HECHOS: El día 9 de octubre de 1.994, a las ocho y media de la noche, en la residencia ubicada en la Calle 4ª No 2-15 del barrio La Gaviota de Ibagué, se suscitó una riña entre el hoy occiso Miguel Angel Botero Acuña y Jesús Henry Castaño Cediel, quien resultó herido con arma cortopunzante. En su ayuda salió su primo MIGUEL RIOS CEDIEL, quien logró desarmar al agresor y le causó una herida en el corazón que produjo su fallecimiento.

LA DEMANDA: El defensor manifiesta que formula un único cargo al amparo de la causal primera de casación, la cual transcribe. Dice que el fallo condenatorio tuvo como bases probatorias el acta de levantamiento del cádaver, la confesión de JOSE MIGUEL RIOS CEDIEL, las declaraciones de LUCY SANCHEZ SANCHEZ y JESUS HENRY CASTAÑO CEDIEL, y la inspección judicial con reconstrucción de los hechos.

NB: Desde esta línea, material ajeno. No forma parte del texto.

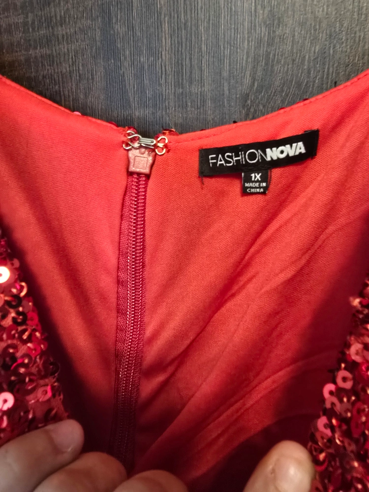 Check out this stunning red sequin dress from Fashion Nova! It's a size 1X and features a beautiful sequin design that's sure to turn heads. Perfect for a night out or a special occasion!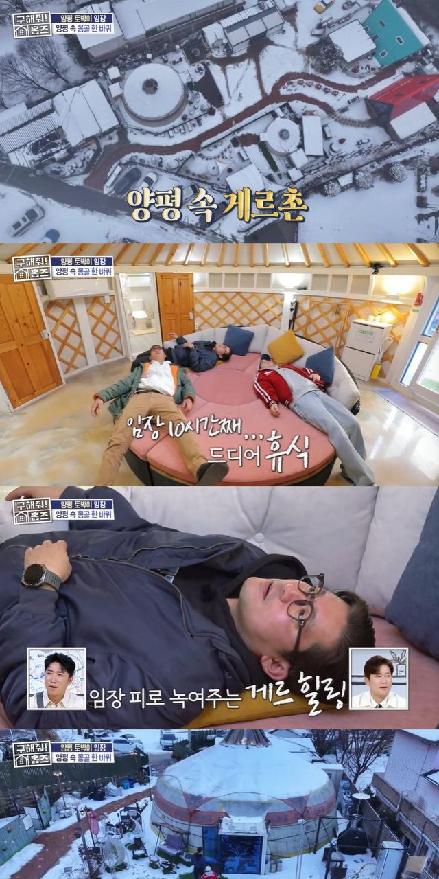 촬영 10시간째에 지친 세 사람은 갑자기 '눕방'을 선보이기도. 노곤해져 잠시 휴식하는 장면이 나오자 양세형은 "저 안이 되게 따뜻하다"며 소개했다.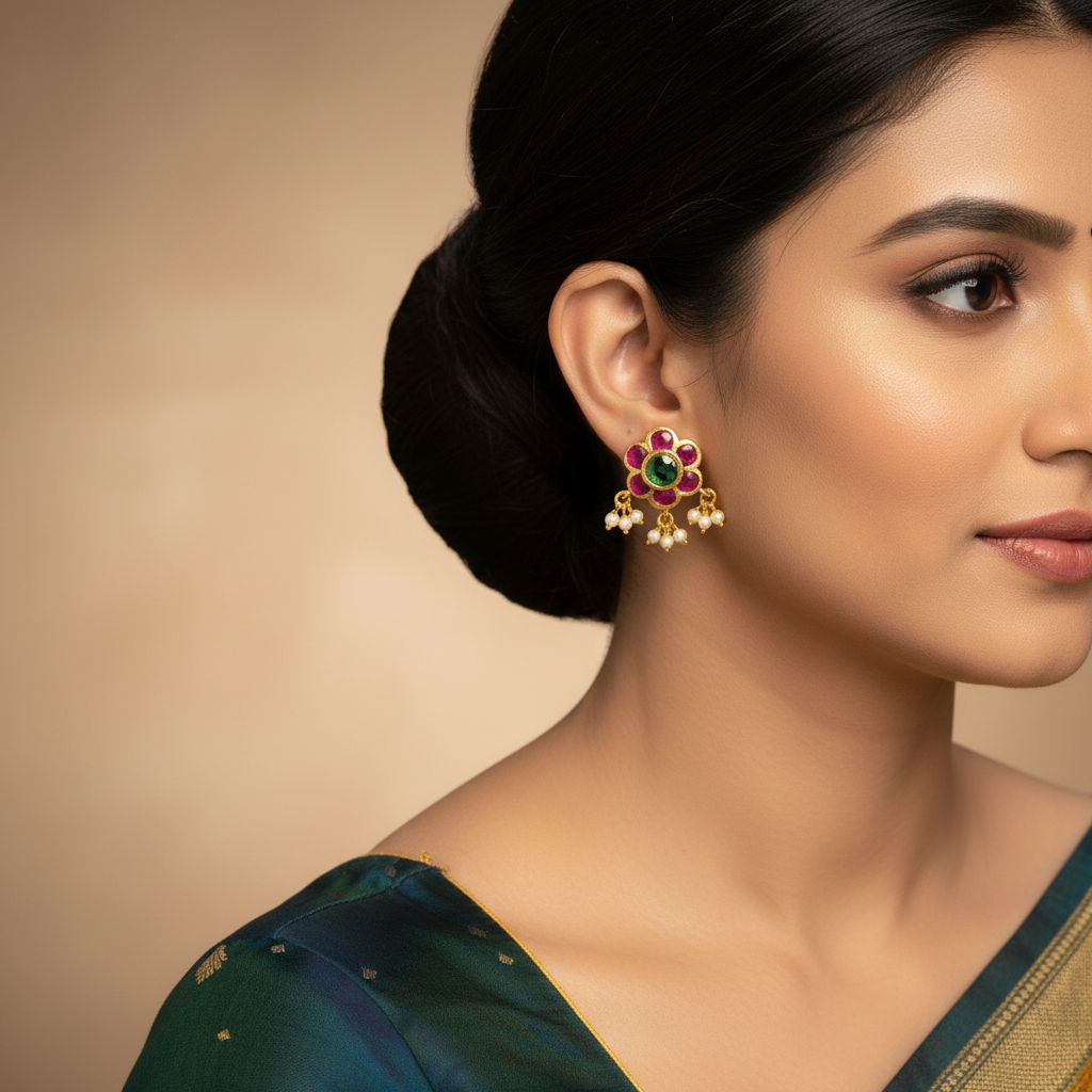 Inspired by the grandeur of South Indian temple jewellery, these Kempu Flower Studs are a masterpiece of traditional craftsmanship. A bold, luminous green Kemp stone sits at the heart of each earring, encircled by rich ruby-red and pink Kemp stones in a full floral bloom â all set in a gleaming 24K gold-plated base. Delicate pearl drops cascade below, adding a graceful finishing touch that moves beautifully with every step. Perfect for the bride, the festive dresser, or anyone who wears tradition with pride.

"Pero es en el estudio detenido y en la concentración que hace el fallador de la declaración de la Señorita LUCY SANCHEZ SANCHEZ en donde fundamenta su decisión, toda vez que se trata de la UNICA testigo de lo que pudo haber ocurrido, tal cual se desprende de lo obrante al texto de la providencia recurrida". Hasta el momento de la declaración de LUCY SANCHEZ todo parecía claro, pues se entendía que JOSE MIGUEL RIOS le quitó el arma a MIGUEL ANGEL BOTERO y le asestó las puñaladas de muerte.

Pero a partir de la diligencia de inspección la versión de la testigo adquiere otro matiz, pues de acuerdo con las placas fotográficas se puede apreciar que su visibilidad no era como para poder apreciar en manos de quién estaba el arma, y la atención de ella no estuvo ciento por ciento puesta en lo hechos, ya que estaba mirando y gritando hacia el balcón en busca de ayuda.

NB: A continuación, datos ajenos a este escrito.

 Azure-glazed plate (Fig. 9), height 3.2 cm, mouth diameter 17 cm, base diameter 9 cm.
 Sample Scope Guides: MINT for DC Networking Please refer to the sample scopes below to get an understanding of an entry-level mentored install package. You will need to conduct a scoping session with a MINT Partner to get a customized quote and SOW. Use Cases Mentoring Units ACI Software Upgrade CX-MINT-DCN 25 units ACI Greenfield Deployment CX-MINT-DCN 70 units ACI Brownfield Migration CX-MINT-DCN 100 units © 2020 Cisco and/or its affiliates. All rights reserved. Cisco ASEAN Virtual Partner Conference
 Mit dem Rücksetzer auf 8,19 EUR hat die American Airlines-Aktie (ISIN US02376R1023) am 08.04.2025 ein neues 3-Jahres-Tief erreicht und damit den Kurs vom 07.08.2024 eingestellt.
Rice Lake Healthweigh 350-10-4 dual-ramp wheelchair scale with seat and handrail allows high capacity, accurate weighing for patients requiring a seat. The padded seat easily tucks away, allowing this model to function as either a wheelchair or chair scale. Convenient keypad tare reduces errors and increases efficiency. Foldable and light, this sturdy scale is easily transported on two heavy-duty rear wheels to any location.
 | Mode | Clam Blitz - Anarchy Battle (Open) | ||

Como la sentencia está basada en la declaración de LUCY SANCHEZ, cabe la crítica de que el juzgador interpretó y valoró este medio probatorio en forma errónea, porque técnicamente no tenía la visibilidad para determinar en que momento el procesado se apoderó del arma, y no puede aceptarse el argumento del exceso en el acto de defensa cuando sostiene que propinada la primera herida y despojado del arma el occiso, RIOS CEDIEL le asestó una segunda herida, dado que el hecho de haberse apropiado del arma no indica que el forcejeo hubiera terminado, pues la víctima peleó hasta el último momento en que recibió la lesión mortal, de tal forma que la lucha por la posesión del arma continuó, independientemente de en manos de quién se encontraba.

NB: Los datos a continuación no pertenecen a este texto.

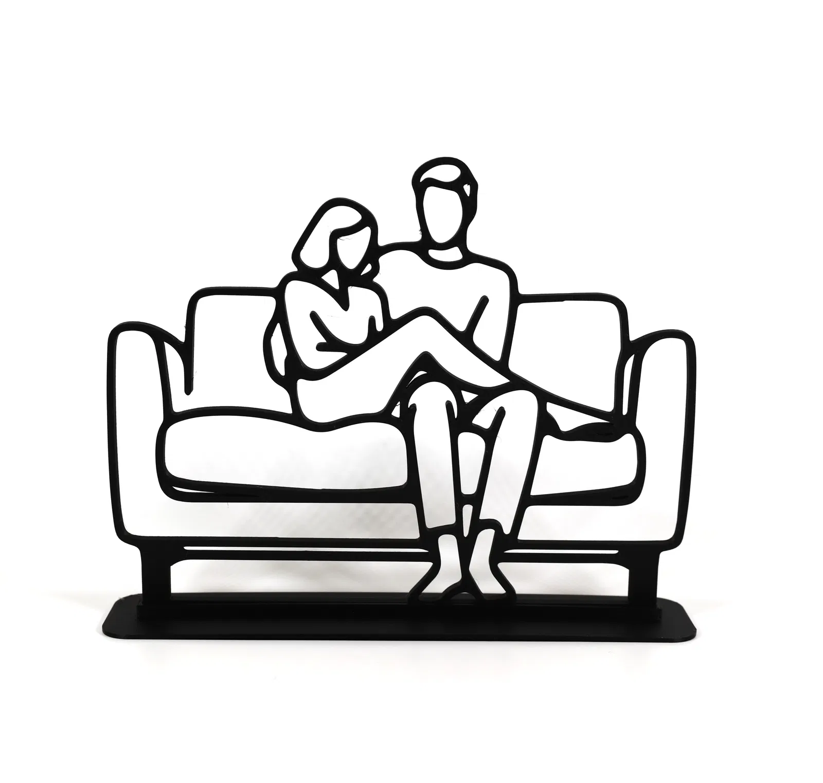 Mô hình in 3D nghệ thuật đường nét tối giản khắc họa khoảnh khắc cặp đôi ngồi cạnh nhau trên ghế sofa. Thiết kế thanh lịch, tinh tế, mang lại cảm giác ấm áp, bình yên, lý tưởng làm vật trang trí hoặc quà tặng.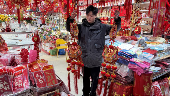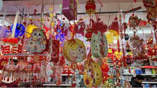 在春节饰品市场,各种龙图案灯笼、款式各异的龙布偶、喜气洋洋的龙挂件等装饰品争相展示,红彤彤的一片将过年的氛围渲染得更加浓厚。在余姚市世南东路的南门副食品批发市场,一片喜庆景象夺人眼球。各个摊位上,“龙元素”的产品纷纷抢占“C位”。市民应先生在和家人选购家中春节饰品时表示,每年他都会和父母在年前购买新年饰品,今天已经挑中了两个带有“龙”图案的灯笼。

No se tuvo en cuenta el estado de intoxicación en que se hallaba el occiso, lo cual genera alteraciones en el organismo y en el comportamiento que inciden en los actos que realizó. En el momento de ser analizada la declaración de LUCY SANCHEZ no la compararon con lo que se estableció en la diligencia de inspección judicial, es decir que no fue apreciada tal como lo dispone el artículo 187 del Código de Procedimiento Penal.

Termina diciendo que lo expuesto se enmarca en lo previsto en el inciso segundo del numeral 1o. del artículo 220 del Código de procedimiento Penal, y se relaciona con los artículos 246 y 248 ibidem. Pide que se case la sentencia y se dicte la que en derecho debe beneficiar a su defendido. CONSIDERACIONES DE LA SALA: 1. Si bien el censor cita la causal primera de casación, inicialmente en sus dos incisos y luego únicamente el relacionado con la violación indirecta de la ley, es claro que en estricto sentido no existe la formulación de ningún cargo, pues no puede entenderse como tal la simple afirmación de que hubo error en la apreciación de la prueba, sin que se individualice cuál es la falla que se aduce. 2.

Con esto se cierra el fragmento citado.